The rule will require some additional public disclosures of broker pay plans, recruitment and retention bonuses, and revenue-sharing payments.

Under provisions for using the best-interest contract (BIC) exemption (which enables advisors to continue using commission products that would otherwise be considered to pose conflicts of interest), financial firms will have to make public web-based disclosures about brokers’ pay plans, including a “fair description of any payout or compensation grids,” according to the explanation that accompanies the BIC rule.

Disclosing a “broad range of compensation structures” applicable to all advisors at a firm “would not be sufficient if in fact there are material differences among advisor compensation,” the DOL says. (The pay of individual advisors would not be disclosed.)
Firms would also have to disclose recruitment and retention incentives offered to brokers.

“These disclosures need not contain amounts paid to specific individuals, but instead should be a reasonable description of the incentives paid and factors considered by the financial institution,” the rule states.

Other incentives, including both cash and non-cash compensation or awards paid to reps for recommending particular product manufacturers or investments, would have to be made public.
So, too, would more details on revenue-sharing payments from product sponsors.

To make the various disclosures, firms may use dollar amounts, percentages, formulas or “other means reasonably calculated to present a materially accurate description of the arrangements” and the “magnitude” of the conflicts, the rule says.

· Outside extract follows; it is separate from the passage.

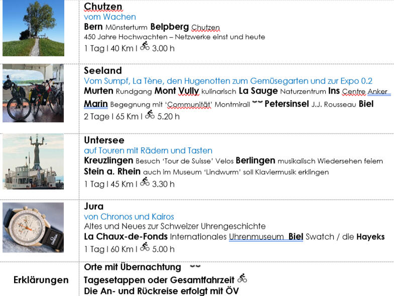 Schauplätze buchstäblich erfahren mit E-Bike und Zug. Annäherung an Orte und Personen, von einst und heute kreativ erleben. Eine Reise dauert 2 bis 4 Tage.Wirkungen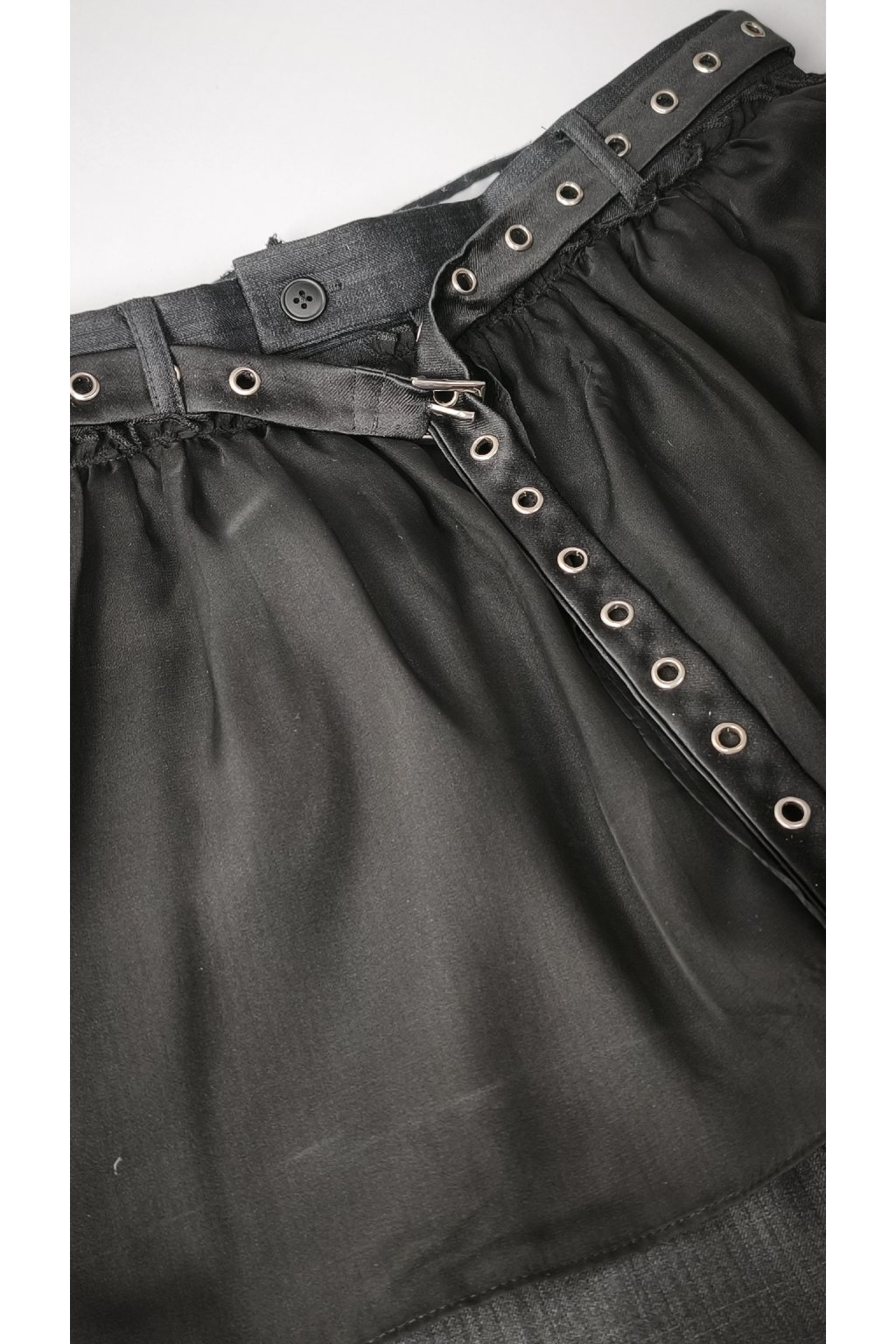 - Pôvodný materiál: Pánske oblekové nohavice + deadstock/secondhand transparentná látka

The DOL hasn’t given specifics on how much detail it wants in web-based disclosures, said ERISA lawyer Fred Reish, a partner at Drinker Biddle & Reath.

But the DOL says the information would have to be specific enough for investors and advisors to analyze and comparison shop, Reish says.

“Different people could argue over what that means, but since the burden of proof will be on the broker-dealer, I assume that most will take conservative positions and disclose in some detail,” he said.

That means firms will have to go beyond what they do now.

Few if any firms currently disclose any specifics about their broker pay plans or particular sales incentives.

“To the extent commissions can still drive behavior,” pay plans should be disclosed, said recruiter Danny Sarch of Leitner Sarch Consultants.

Recruitment and retention deals are also not disclosed. A pending Finra rule will require that clients be given a Finra-produced document encouraging them to ask about financial incentives their broker received for moving to a new firm. But no specifics are required, and the rule does not apply to retention deals.

As it does with revenue-sharing and other similar payments from manufacturers, the DOL wants expanded disclosures.

Most brokerage firms currently disclose the maximum revenue-sharing amounts they receive by product category, but nothing about particular vendors.

The DOL says such broad categorical disclosure “covering all mutual funds, or insurance products, for example, would not be sufficiently detailed” unless the financial institution had the same deals with all providers.

That provision could reveal some major differences that providers pay.

One firm that does disclose details about revenue-sharing deals is Edward Jones. On the low end, American Funds pays Jones 2.5 basis points on fund assets held at the firm, while a number of other providers pay up to 13 basis points.

Jones agreed to make the detailed disclosures as part of a 2004 settlement with the SEC.

Firms will also have to include a statement on their websites about how revenue-sharing arrangements impact advisor compensation and mention benefits provided to product manufacturers from the payments.